Firstly, the model depends on some sort of data that points to the aggregate information of user interaction behaviours and track features, that are weighted closer to the present. Which means that it will likely not have the ability to predict skip outcomes in sequence. For example, given songs A, B, and C, and their associated user interactions and track features, predict songs D, E, and F, knowing only the track ID. My model would not be capable of predicting in this fashion as it requires some sort of real world truth before it can predict a track skip. Neither does it provide a solution if there is highly likelihood that a track will be skipped during a listening session, the only thing it offers might be a recommendation to remove the track from the playlist. This is because the model's scope is to classify.  

I do however, appreciate that the feature engineering and modelling I conducted helped me to understand the problem space more deeply. And likely serves as a step towards a more sophisticated approach to the problem. 

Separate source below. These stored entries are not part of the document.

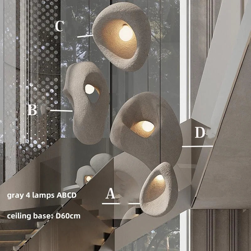 Wabi-sabi Resin Pendant Chandelier | Nordic Villa Stair Decor Droplight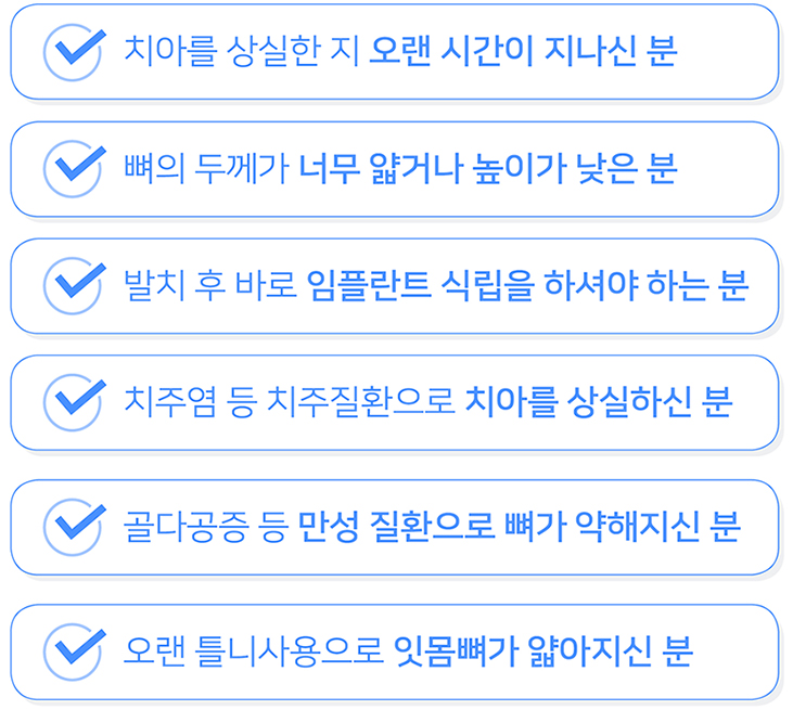 잇몸뼈가 손실 되거나 상태가 좋지 않아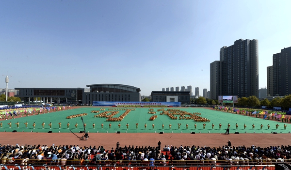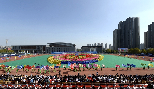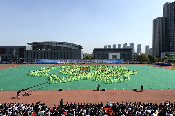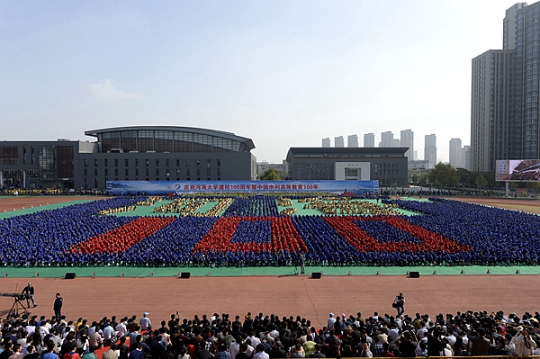 庆祝大会上,3000余名师生自编自导自演了大型团体操《大哉河海》,通过人才蒸蔚起、工学昌明时、智者惟乐水、毋负邦人期四个篇章,气势磅礴地展示了河海百年发展的恢弘华章,深情激昂地诠释了“大哉河海奔前程,毋负邦人期”的价值追求。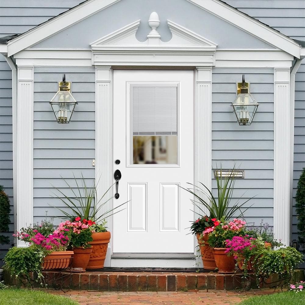 This streamlined steel door brings a tailored, architectural presence to your entry. The clear half‑lite with integrated mini blinds feels refined—letting in daylight while keeping the mood serene. Paint it a saturated hue for a chic contrast against the classic panels, then pair with matte black hardware to complete the look. It’s an elegant essential for a polished, modern welcome.

This is where I'd hope to take the project next. Throughout the course of this project, I grew to appreciate the complexity of this problem. For instance, in the case of a user skipping several songs to reach a song they wanted to hear. Is there anyway for me to gather information about the user's intention during this situation? Did they know the know song they were looking and preferred to skip until they reached that song? I'd like to understand why users employ certain skip/play strategies on the platform and see if I can predict their next move. The next move, could involve a classification and or replacement with song that they are more likely to play. 

During the course of this project, I've always held on to the notion of ad-hoc, or on-the-fly music curation as a feature that could emerge from exploring this problem. I would love to dive deeper and try to uncover hidden structures in the data. And try to understand the users' intentions as they interact with the platform. I will likely go back to explore the problem and data more. And comb through literature that tries to solve similar problems. I will then try employ new methodologies or rework old ones to try and solve this problem. It will likely involve the deep learning as these types of methodologies are better equipped to handle this level of complexity.

To sum up, I was able to reach an abbreviated version of the goal. That is, predicting skip outcome in a static fashion. However, I'm more inclined to explore more dynamic solutions, ones that might lend more practically to the platform and its users. This is the high-level direction I'm hoping to take the project.